Provided data:
==========

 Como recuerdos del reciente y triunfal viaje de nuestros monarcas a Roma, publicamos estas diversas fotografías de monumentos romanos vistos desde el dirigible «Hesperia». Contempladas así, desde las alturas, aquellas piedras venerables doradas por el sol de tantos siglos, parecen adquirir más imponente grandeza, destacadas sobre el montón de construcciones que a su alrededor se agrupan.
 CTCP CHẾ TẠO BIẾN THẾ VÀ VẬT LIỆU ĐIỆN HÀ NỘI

==========

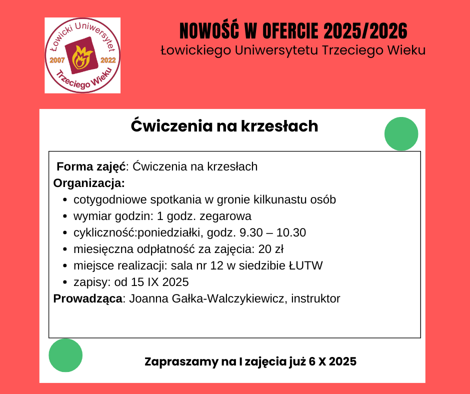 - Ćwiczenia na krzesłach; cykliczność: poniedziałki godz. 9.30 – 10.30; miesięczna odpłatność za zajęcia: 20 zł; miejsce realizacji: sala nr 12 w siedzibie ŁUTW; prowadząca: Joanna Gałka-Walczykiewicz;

==========

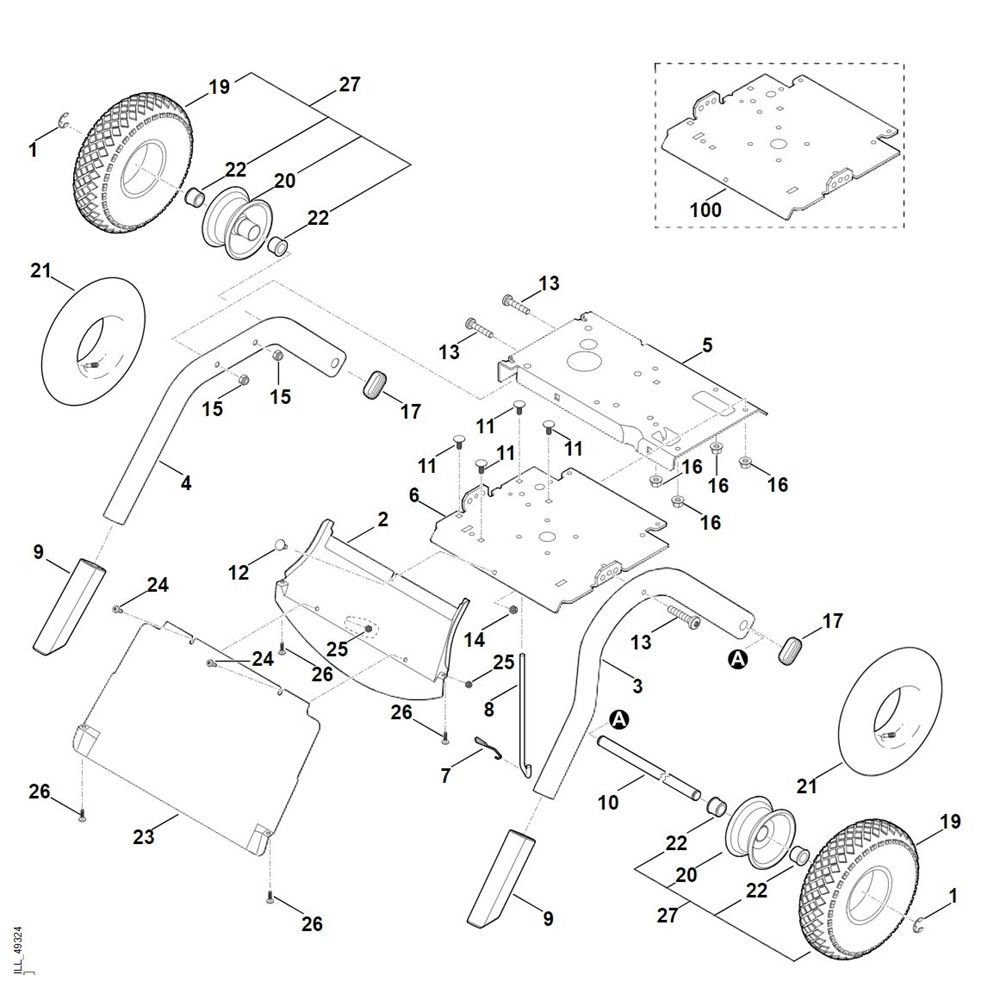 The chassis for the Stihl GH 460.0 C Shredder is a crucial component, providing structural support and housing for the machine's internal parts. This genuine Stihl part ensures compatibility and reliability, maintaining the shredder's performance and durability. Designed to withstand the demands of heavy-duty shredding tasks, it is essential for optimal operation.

==========

Problem requirements: Everything from the line containing "Como recuerdos del" through the line containing "CTCP CHẾ TẠO" in the material above should be retyped exactly, both ends included, and nothing more.

Answer:
 Como recuerdos del reciente y triunfal viaje de nuestros monarcas a Roma, publicamos estas diversas fotografías de monumentos romanos vistos desde el dirigible «Hesperia». Contempladas así, desde las alturas, aquellas piedras venerables doradas por el sol de tantos siglos, parecen adquirir más imponente grandeza, destacadas sobre el montón de construcciones que a su alrededor se agrupan.
 CTCP CHẾ TẠO BIẾN THẾ VÀ VẬT LIỆU ĐIỆN HÀ NỘI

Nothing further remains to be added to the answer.